## EXERCISE AIM
Your task is to restate word for word the lines in the material below, from the one with "Fototapeta premium Aerial" up to and including the one with "This features a". Do not carry over the pictures.

## SUPPLIED MATERIAL
■ ■ ■ ■ ■ ■ ■

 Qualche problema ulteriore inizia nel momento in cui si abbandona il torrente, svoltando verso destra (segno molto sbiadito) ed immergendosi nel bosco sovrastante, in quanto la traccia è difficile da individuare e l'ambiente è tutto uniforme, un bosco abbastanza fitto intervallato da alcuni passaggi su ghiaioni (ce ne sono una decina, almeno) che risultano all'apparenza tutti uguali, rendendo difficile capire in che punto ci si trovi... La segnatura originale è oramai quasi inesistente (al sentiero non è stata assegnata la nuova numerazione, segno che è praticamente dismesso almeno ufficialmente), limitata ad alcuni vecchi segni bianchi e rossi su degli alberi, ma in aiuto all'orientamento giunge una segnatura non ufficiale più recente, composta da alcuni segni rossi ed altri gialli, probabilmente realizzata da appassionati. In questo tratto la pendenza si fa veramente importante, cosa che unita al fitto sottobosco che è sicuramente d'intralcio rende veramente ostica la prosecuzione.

■ ■ ■ ■ ■ ■ ■

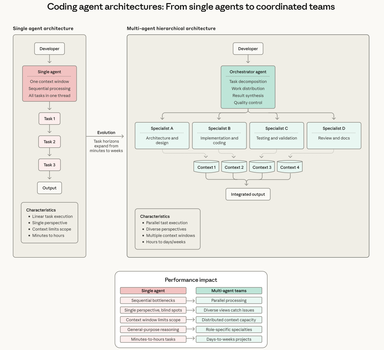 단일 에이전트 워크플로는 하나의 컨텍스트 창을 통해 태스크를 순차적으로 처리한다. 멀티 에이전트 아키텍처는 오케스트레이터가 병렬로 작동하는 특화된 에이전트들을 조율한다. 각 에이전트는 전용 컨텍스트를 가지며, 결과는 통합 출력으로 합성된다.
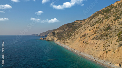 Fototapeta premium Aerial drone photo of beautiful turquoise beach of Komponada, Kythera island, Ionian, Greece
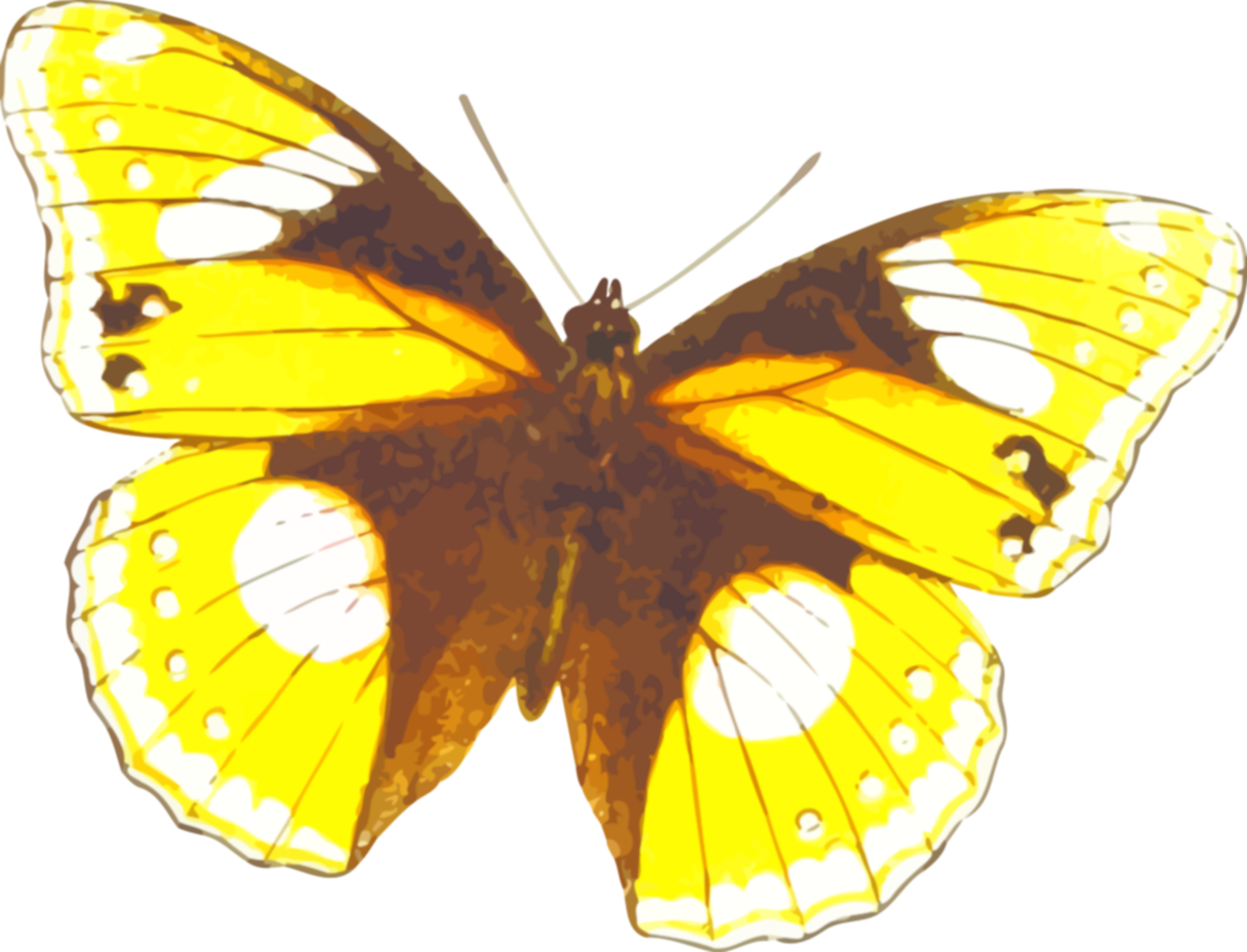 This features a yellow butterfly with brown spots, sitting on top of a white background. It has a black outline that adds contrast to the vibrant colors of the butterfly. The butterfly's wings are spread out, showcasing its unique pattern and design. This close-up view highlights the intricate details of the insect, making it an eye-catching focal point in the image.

■ ■ ■ ■ ■ ■ ■

## ANSWER SPACE
 Fototapeta premium Aerial drone photo of beautiful turquoise beach of Komponada, Kythera island, Ionian, Greece
 This features a yellow butterfly with brown spots, sitting on top of a white background. It has a black outline that adds contrast to the vibrant colors of the butterfly. The butterfly's wings are spread out, showcasing its unique pattern and design. This close-up view highlights the intricate details of the insect, making it an eye-catching focal point in the image.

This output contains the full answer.